Based on a single CG (1 MPE and 64 CPEs, a total of 65 cores), the number of CGs is increased gradually. The acceleration ratio and parallel efficiency are shown in Table 2 and in Figure 10a. The Mega Lattice Site Updates Per Second (MLUPS) is shown in Figure 10b. As the number of CGs increases, the parallel efficiency and MLUPS decrease, and the speedup and parallel efficiency also decrease compared with the only MPE mode. This is mainly attributed to the startup and shutdown of the CG operation thread group and the communication between the MPE and CPEs. However, when the number of CGs is 2048 (133,120 cores total), the efficiency can still reach more than 72%, and our simulation performs at 285,600 MLUPS on 2048 CGs, corresponding to 54.8% of the effective memory bandwidth performance.

4.2.2. Airfoil Computation Results

The computation area when calculating the flow around the 2D NACA0012 airfoil is shown in Figure 11. C is the airfoil length, and C = 400dx, where dx is the grid size. The entire computation comprises 200 million grids. A velocity boundary condition and non-equilibrium extrapolation boundary condition are respectively used on the inlet boundary and outlet boundary. The standard bounce back boundary condition is used for the upper, lower, and airfoil edges [14]. The inflow Mach number M = 0.1, the Reynolds number Re = 1000, and a total of 1 million time steps are calculated; and the angles of attack are calculated as 0°, 4°, 6°, 8°, 10°, 12°, 15°, 17°, 20°, 22°, 25°, and 28°.

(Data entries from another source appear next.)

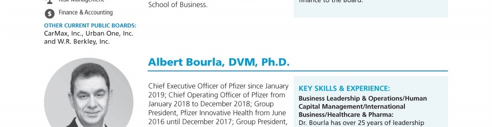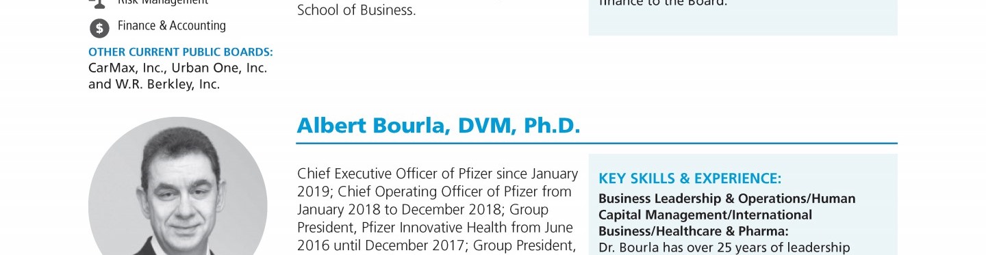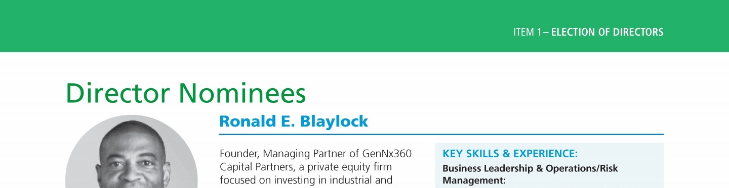 Review our Director nominees’ biographies, key skills and experience, committee memberships and more in our interactive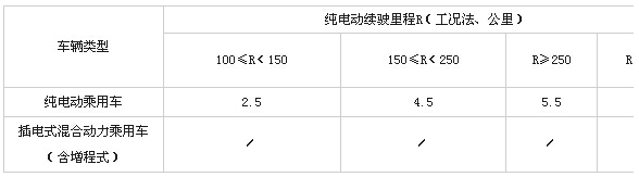 1、純電動乘用車100km≤r<150km每車2.5萬、150km≤r<250km每車4.5萬、r≥250km每車5.5萬元。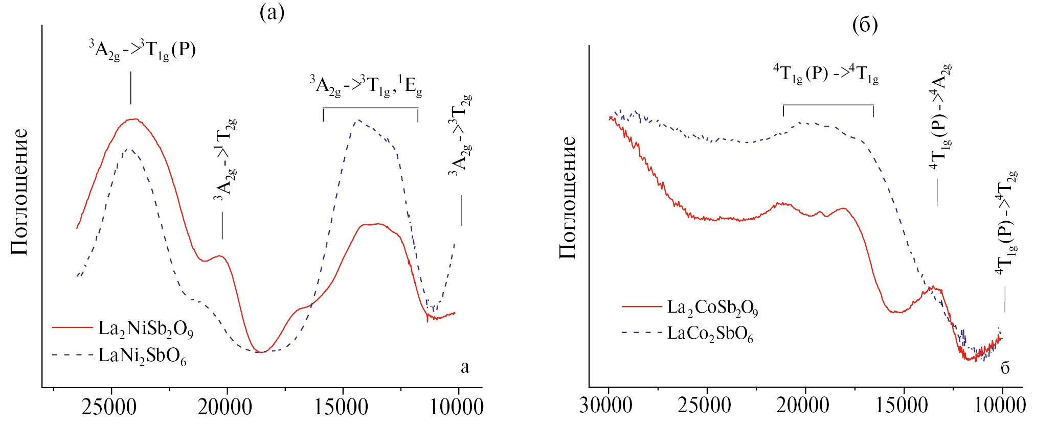 Оптические спектры (рис. 7) диффузного отражения впервые полученных фаз подтвердили, что никель и кобальт находятся в них в степени окисления +2. Известно [51], что в спектре октаэдрически координированного Ni2+ наблюдаются три разрешенных d–d-перехода с основного уровня 3A2g на 3T2g, 3T1g и 3T1g(P). В оксидах соответствующие этим переходам полосы наблюдаются в диапазонах 7000–10 000, 12 000–16 000 и 22 000–27 000 см–1. Возможно также наблюдение полос, связанных с запрещенными по спину переходами 3A2g → 1Eg и 3A2g → 1T2g. Состояния 1Eg и 3T1g по энергиям близки. В результате спин-орбитального взаимодействия интенсивность запрещенного перехода 3A2g → 1Eg возрастает за счет разрешенного, поэтому в спектрах Ni2+ в области 12 000–16 000 см–1 наблюдается дублет. Запрещенный по спину переход 3A2g → → 1T2g обычно наблюдается в виде слабой полосы с длинноволнового края перехода 3A2g → 3T1g. Как видно из рис. 7, в спектрах LaNi2SbO6, La2NiSb2O9 и LaNi1/3Sb5/3O6 наблюдаются все перечисленные особенности. LaNi1/3Sb5/3O6 приведен в качестве образца сравнения. Это указывает на то, что в этих соединениях ионы никеля присутствуют в степени окисления +2.
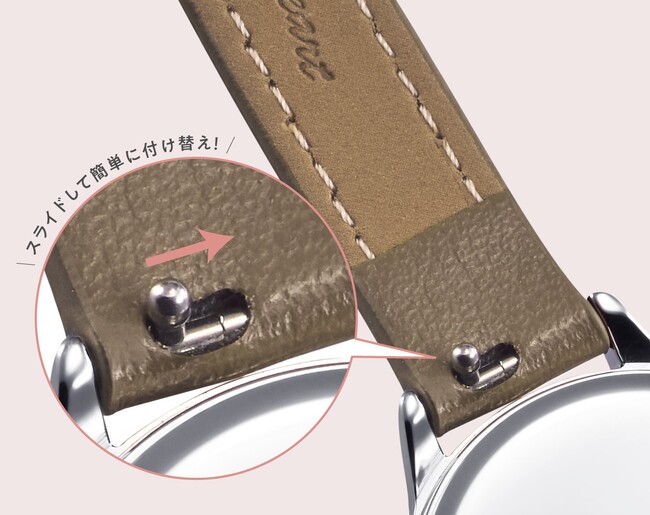 本新商品はその日の気分やシーンに合わせてご自身で簡単に付け替え可能なレザーベルトとメッシュベルトがセットに。
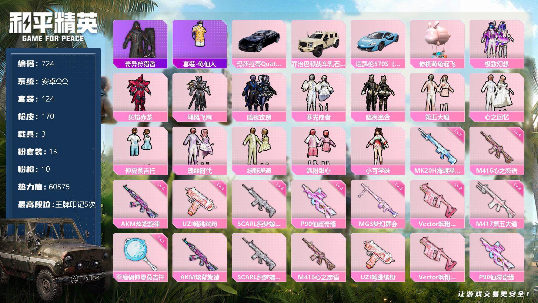 [12371937]【商品标题】:安卓 手Q-13粉装-10特效枪-3载具-1粉色飞行器-60575热力值-5王牌印记-124套装-170枪皮 【热门品类】:套装-奇异狩猎者,套装-龟仙人 【粉色载具】:玛莎拉蒂Quattroporte(夜幕蓝),乔治巴顿战车(乳石白),迈凯伦570S(天际蓝),僚机-萌兔起飞 【粉色套装】:粉装-极致幻想,粉装-炙焰赤龙,粉装-飓风飞鹰,粉装-暗夜玫瑰,粉装-寒光使者,粉装-暗夜鎏金,粉装-第五大道,粉装-心之回忆,粉装-仲夏莫吉托,粉装-瑰丽时代,粉装-绿野邂逅,粉装-飒粉甜心,角色-小可学妹 【粉色枪皮等级】:AKM-炫紫旋律(四级),SCAR-L-纯梦嫁纱(四级),M416-心之恋语(四级),UZI-畅跳缤纷(四级),Vector-飒粉甜心(二级),P90-仙履奇缘(三级),M417-第五大道(二级),MK20-H-海螺星光(五级),MG3-梦幻舞会(三级),平底锅-仲夏莫吉托(一级) 【粉色枪皮】:AKM-炫紫旋律,SCAR-L-纯梦嫁纱,M416-心之恋语,UZI-畅跳缤纷,Vector-飒粉甜心,P90-仙履奇缘,M417-第五大道,MK20-H-海螺星光,MG3-梦幻舞会,平底锅-仲夏莫吉托 【粉色飞行器】:纯梦嫁纱飞行翼 【粉色降落伞】:百万伏特降落伞,古战神甲降落伞,垂柳戏鸭降落伞,暗夜鎏金降落伞,音爆索尼克降落伞,畅跳缤纷降落伞,第五大道降落伞,仲夏莫吉托降落伞,飒粉甜心降落伞,圣堂之誓降落伞 【稀有套装】:套装-龟仙人 【稀有枪皮】:AKM-夜灯,AKM-小鹦鹉BEBE,AKM-彩虹符号,AKM-破晓战魂,AKM-胡桃卫兵,AKM-萌趣颜团子,AKM-虎虎生威,AKM-霓虹街区,AKM-龙的传人,M16A4-幻世战舞者,M16A4-红色方程式,M16A4-蓝色火焰,SCAR-L-炫彩节奏,SCAR-L-玉兔迎春,SCAR-L-红色方程式,SCAR-L-银碳小老虎,SCAR-L-黄金龙骨,M416-彩虹嘻嘻猴,M416-暗夜行者,M416-糯团青竹,M416-红色方程式,M416-蓝色火焰,GROZA-彩虹符号,GROZA-懵萌河马,GROZA-田园牧歌,AUG-耀粉歌者,QBZ-彩虹符号,QBZ-神秘黑猫,QBZ-银碳小老虎,M762-天降萌叽,M762-暗夜鎏金,M762-牛气冲天,M762-第五大道,Mk47-妙红点点,G

Figure 12 and Figure 13 show the pressure and velocity clouds at several representative angles of attack with angles of attack of 0°, 4°, and 8° and 12°, 15°, and 20°, respectively. It can be seen from Figure 12 that the flow tends to be stable for angles of attack of 0° and 4°, and there is no flow separation phenomenon, which is consistent with the literature [21,22,23]. When the angle of attack is 8° or higher, unsteady vortex shedding occurs after the airfoil tail, and, as the angle of attack increases, the vortex shedding becomes more obvious than before and the flow instability becomes larger. It can also be seen from Figure 12 and Figure 13 that, with an increase in the angle of attack, the pressure difference between the lower side and the upper side of the airfoil increases gradually; therefore, it can be qualitatively known that the lift coefficient will also increase, which can be understood as the vortex lift generated by the shedding vortex.

In order to further quantify the main characteristics of the flow and evaluate the aerodynamic performance of the airfoil, the lift coefficient

C_{L}

and the pressure coefficient

C_{p}

of the upper and lower surfaces of the airfoil are calculated, respectively, as

C_{L} = \frac{F_{L}}{\frac{1}{2} ρ_{0} u_{0}^{2} C}, ߓߓ C_{p} = \frac{p - p_{0}}{\frac{1}{2} ρ_{0} u_{0}^{2}},

where the subscript 0 represents the value under far-field conditions, respectively, C is the size of the airfoil, and

F_{L}

is the lift, i.e., the vertical component of the aerodynamic force acting on the airfoil chord.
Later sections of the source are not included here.